Your service level agreement (SLA) requires that you are notified in the event of poor
performance from customer locations in the US, Asia, and Europe.
You need to configure the Azure Management Portal to notify you when the SLA
performance targets are not met.
What should you do?
A.
Create an alert rule to monitor web endpoints.
B.
Create a Notification Hub alert with response time metrics.
C.
Add an endpoint monitor and alert rule to the Notification Hub.
D.
Configure the performance counter on the cloud service.
Explanation:
Ref: http://msdn.microsoft.com/en-us/library/azure/dn306639.aspx
it’s correct
Are you sure that you did not mean to ask if the answer is correct Joni? 😉
C is Correct.
To monitor the performance from customer locations Endpoints for those locations need to be added and monitored.
From the Configure page add endpoints and specify the test locations.
From the Monitor page add a metric.
Then create a rule to notify when the performance is bed.

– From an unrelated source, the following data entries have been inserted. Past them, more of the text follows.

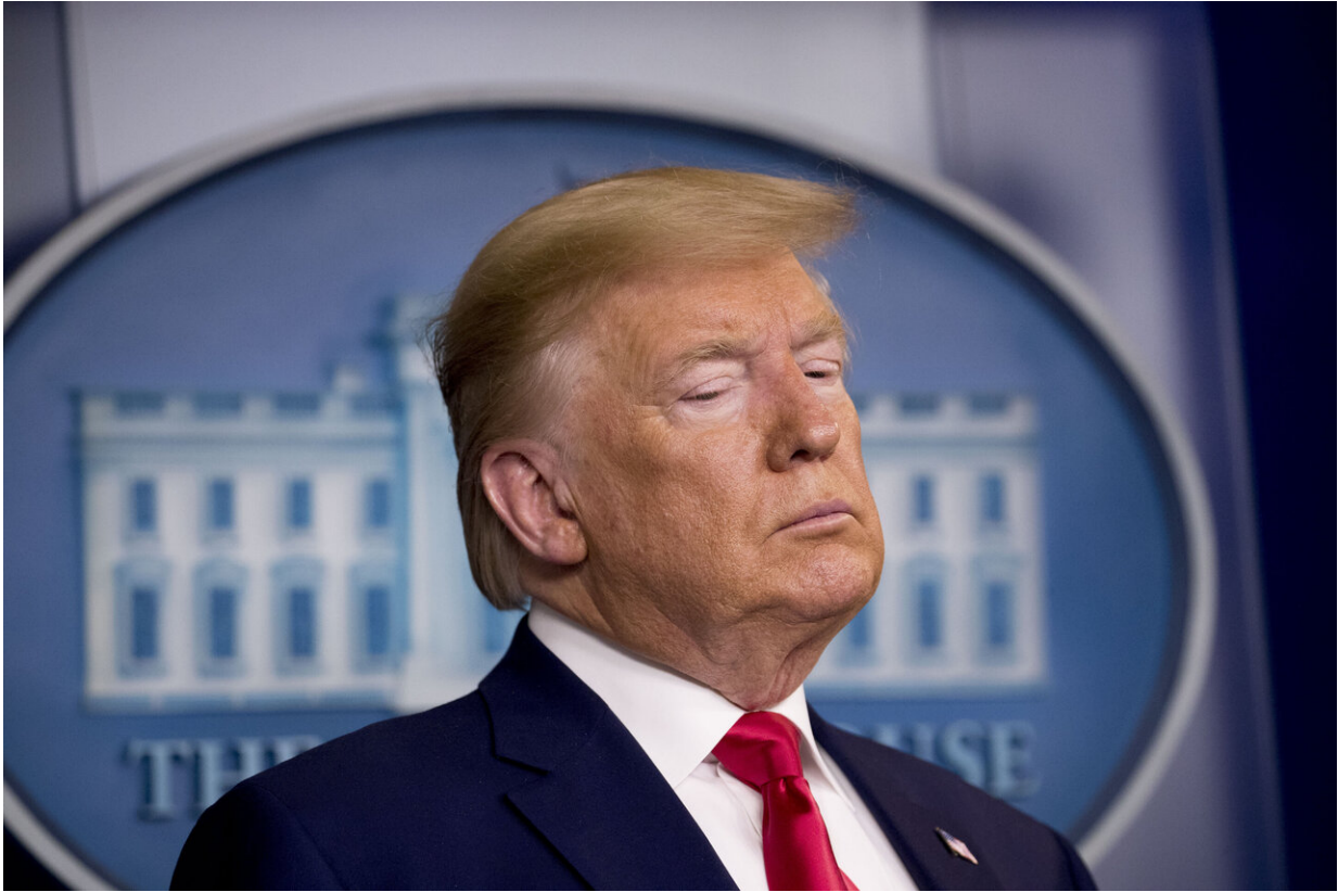
President Donald Trump listens during a news conference about the coronavirus in the press briefing room at the White House, Saturday, Feb. 29, 2020, in Washington.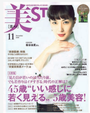
2018: OUTSTANDING TREND: "MESSAGE PEEL," PRX-T 33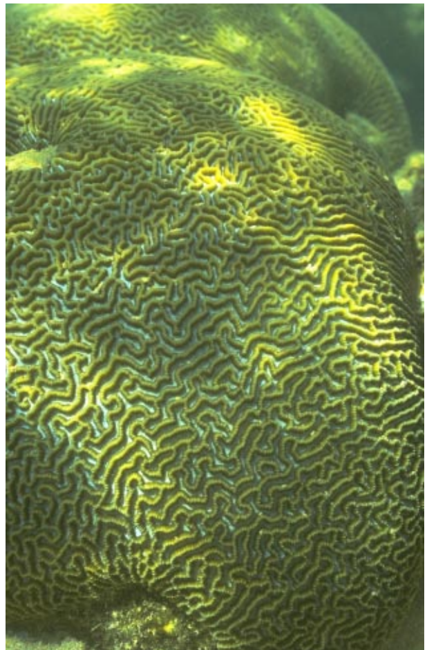
Corals in the proposed Montebello/Barrow Islands Marine Conservation Reserve

Summary: The Marine Conservation Branch of the Department of Conservation and Land Management has undertaken the mapping of the distribution of marine wildlife for the study areas of the proposed Montebello/Barrow islands and the Dampier Archipelago/Cape Preston marine conservation reserves. The information has been compiled and incorporated into a map, which has been prepared as a contribution to the planning processes underway for these two proposed marine conservation reserves. Areas of high conservation value, in relation to marine wildlife, have been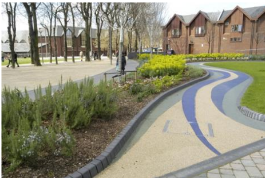
In Walthamstow, the redeveloped square, gardens and high street provide a safe and attractive link between the main transport hub and the central shopping area.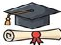
Student Loan Trackers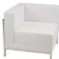
LG744-L MAUI CORNER White 28"Wx28"Dx27"H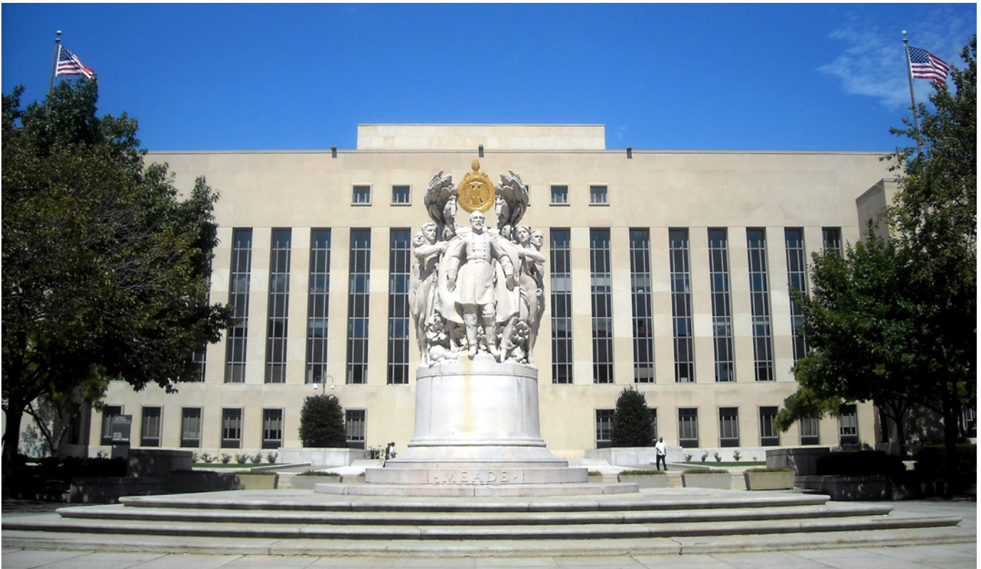
E. Barrett Prettyman Federal Courthouse, United States Court of Appeals for the District of Columbia Circuit

Ultimately, the Court found that BOEM’s failure to quantify option value was not arbitrary or irrational at this time because the methodology for quantifying option value is not yet “sufficiently established.” 50 But importantly, the Court noted: “Had the path been well worn, it might have been irrational for Interior not to follow it.” 51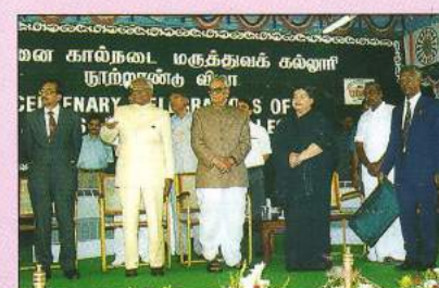
Inaugural function of Centenary Celebrations

The Vice-President of India, Shri Bhairon Singh Shekhawat, inaugurated the Centenary Celebration of the Madras Veterinary College, held on Sunday, 6 July 2003. He declared open the centenary museum, and released souvenir. The Chief Minister of Tamil Nadu, Selvi J. Jayalalithaa, laid the foundation stone for the centenary building, inaugurated the interactive touch-screen terminal on livestock and pet animals, and addressed the gathering.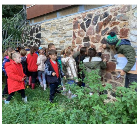
Year 3 at Lewes Railway nature park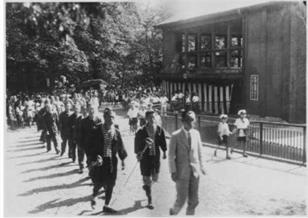
The memorial service on September 4, 1943; notice the striped bunting

Two further points need to be made: The memorial service for the slaughtered animals—including all three elephants!—on September 4 was held while Hanako and Tonky were still starving—literally a stone's throw away. The elephant house had been covered at that time with a striped bunting (Ueno, 1982a, 177).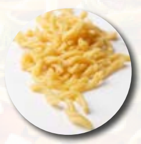
Casarecce CASP10 Short Twisted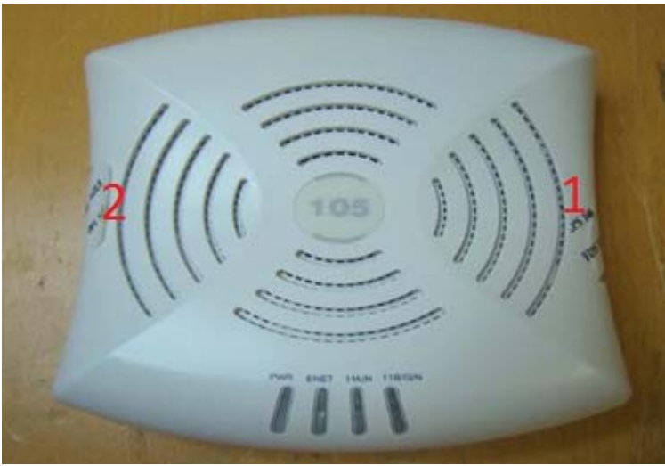
Figure 24 - Aruba AP-105 Tel placement bottom view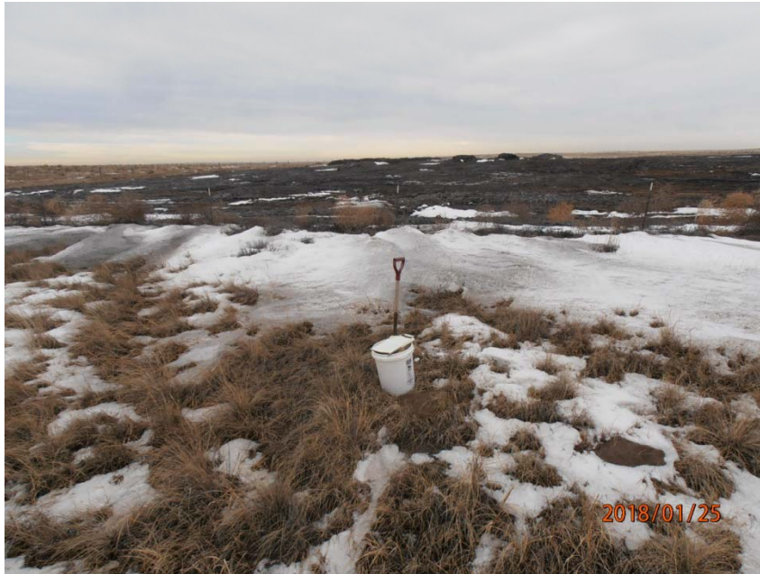
Photo 1 – Photo of soil sample location SS-1, looking north. Soil Sample SS-1 location Lat/Lon = 40.37533 / -104.23270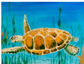
Paint an acrylic turtle

Be inspired by our talented art instructors, and create four unique art pieces for $100. Classes are 10 a.m. - noon and 1 - 3 p.m. on Saturday and Sunday. For adults and teens 13 and up. All materials provided. Space is limited!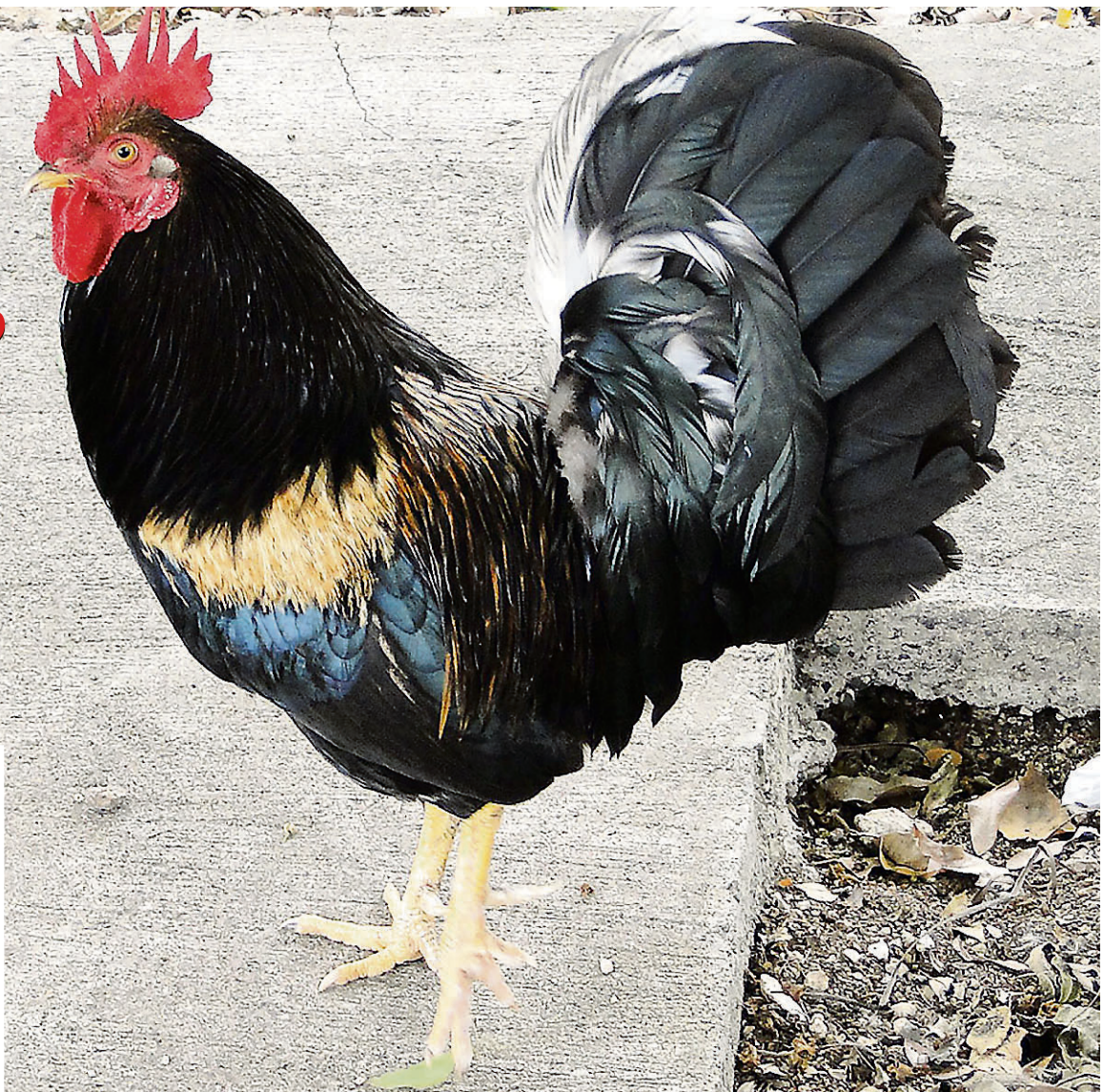
This majestic rooster could not help but strike a pose for Hospitality Jamaica at Alligator Hole in south Clarendon recently.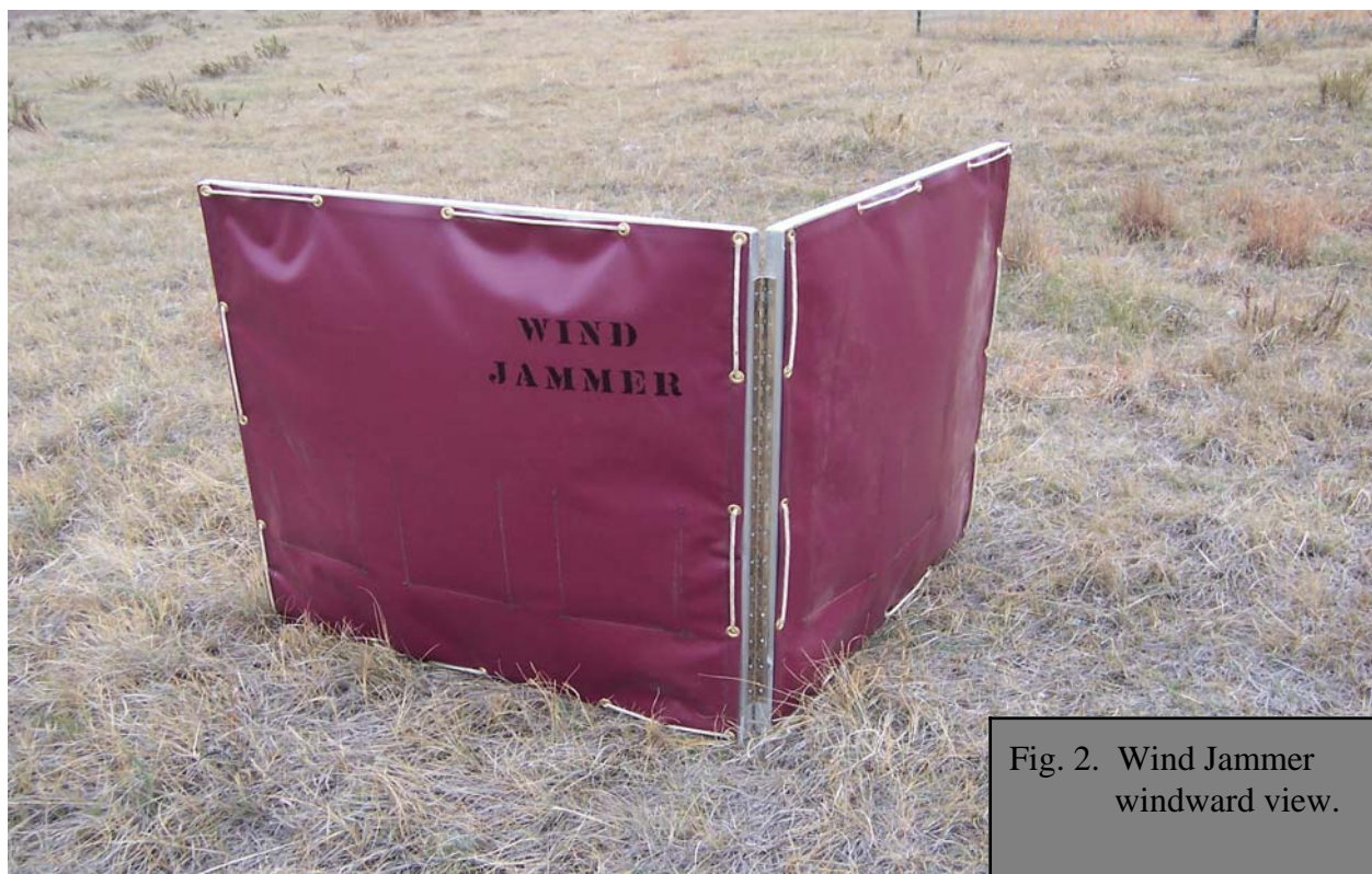
Fig. 2. Wind Jammer windward view.

Like a big response time.
yes C is correct
A: one need to create the monitor endpoint (CONFIGURE page) before cretaing any alert rule
B: notification hub has nothing to do here
D: to configure the performance counter one need to create it before. this is perform by creating an endpoint monitoring
notice that endpoint monitoring exits with web apps as well
The last 2 just said C was correct but explained their answer to be A as correct. In a popular brain dump create an alert to monitor web endpoints is C maybe someone got mixed up there.
Is it A or C ?
for the A
https://azure.microsoft.com/en-us/documentation/articles/web-sites-monitor/
I think you dont need to use Notification Hub
A. Metric and Rule from the Monitor Tab. Web Endpoints from the Configure tab. Note that EndPoints tab provide for VM Endpoints with Public port, protocol etc.
Ok… too much detail, got carried away 🙂
No need for Notification Hub. Hence not C.